This is a custom PyTorch dataset class called HAM10000 that is defined to load the data for the HAM10000 dataset. It takes a dataframe and an optional transformation as input. 

- `__init__(self, df, transform=None)` : Initializes the class with the dataframe and the transformation.

- `__len__(self)` : Returns the length of the dataset.

- `__getitem__(self, index)` : Returns a tuple of the image data and its corresponding label. It takes an index as input and returns the transformed image and its corresponding label as a PyTorch tensor.

In [None]:
# Define a pytorch dataloader for this dataset
class HAM10000(Dataset):
    def __init__(self, df, transform=None):
        self.df = df
        self.transform = transform

    def __len__(self):
        return len(self.df)

    def __getitem__(self, index):
        # Load data and get label
        X = Image.open(self.df['path'][index])
        y = torch.tensor(int(self.df['cell_type_idx'][index]))

        if self.transform:
            X = self.transform(X)

        return X, y

Here we define the training and validation sets using the table train_df and our defined transformations (train_transform and val_transform).
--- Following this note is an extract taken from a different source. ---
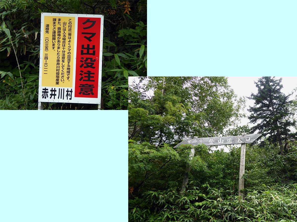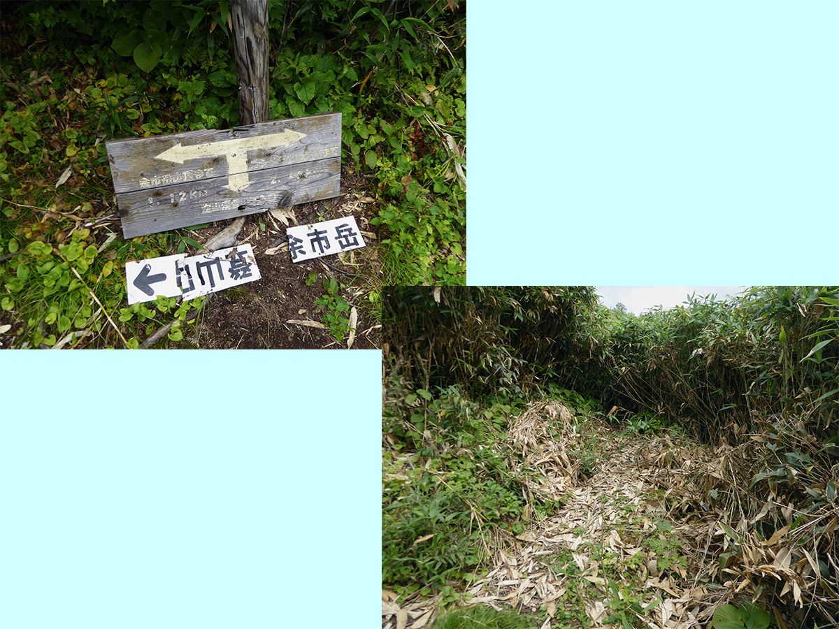 ゴンドラの山頂駅が稜線の登山道に接続しているので、このコースを「新道」と表示しており、従来の余市川(右股の沢川)コースは「旧道」と表示されています。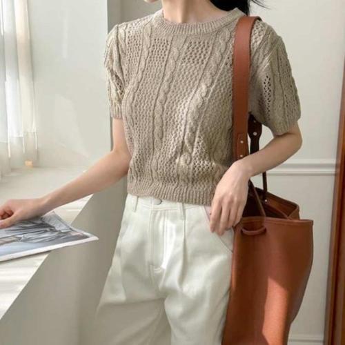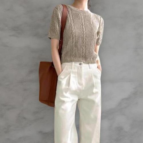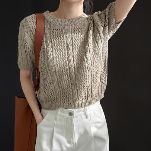 [옷자락]여성 아크릴 라운드넥 꽈배기 스카시 세미크롭 반팔 니트

We use the PyTorch DataLoader to create batches of images to feed to the model during training and validation. We set the batch size to 32, shuffle the training set, and do not shuffle the validation set. We also set the number of workers to 4 to parallelize the data loading process.

In [None]:
# Define the training set using the table train_df and using our defined transitions (train_transform)
training_set = HAM10000(df_train, transform=train_transform)
train_loader = DataLoader(training_set, batch_size=32, shuffle=True, num_workers=4)
# Same for the validation set:
validation_set = HAM10000(df_val, transform=train_transform)
val_loader = DataLoader(validation_set, batch_size=32, shuffle=False, num_workers=4)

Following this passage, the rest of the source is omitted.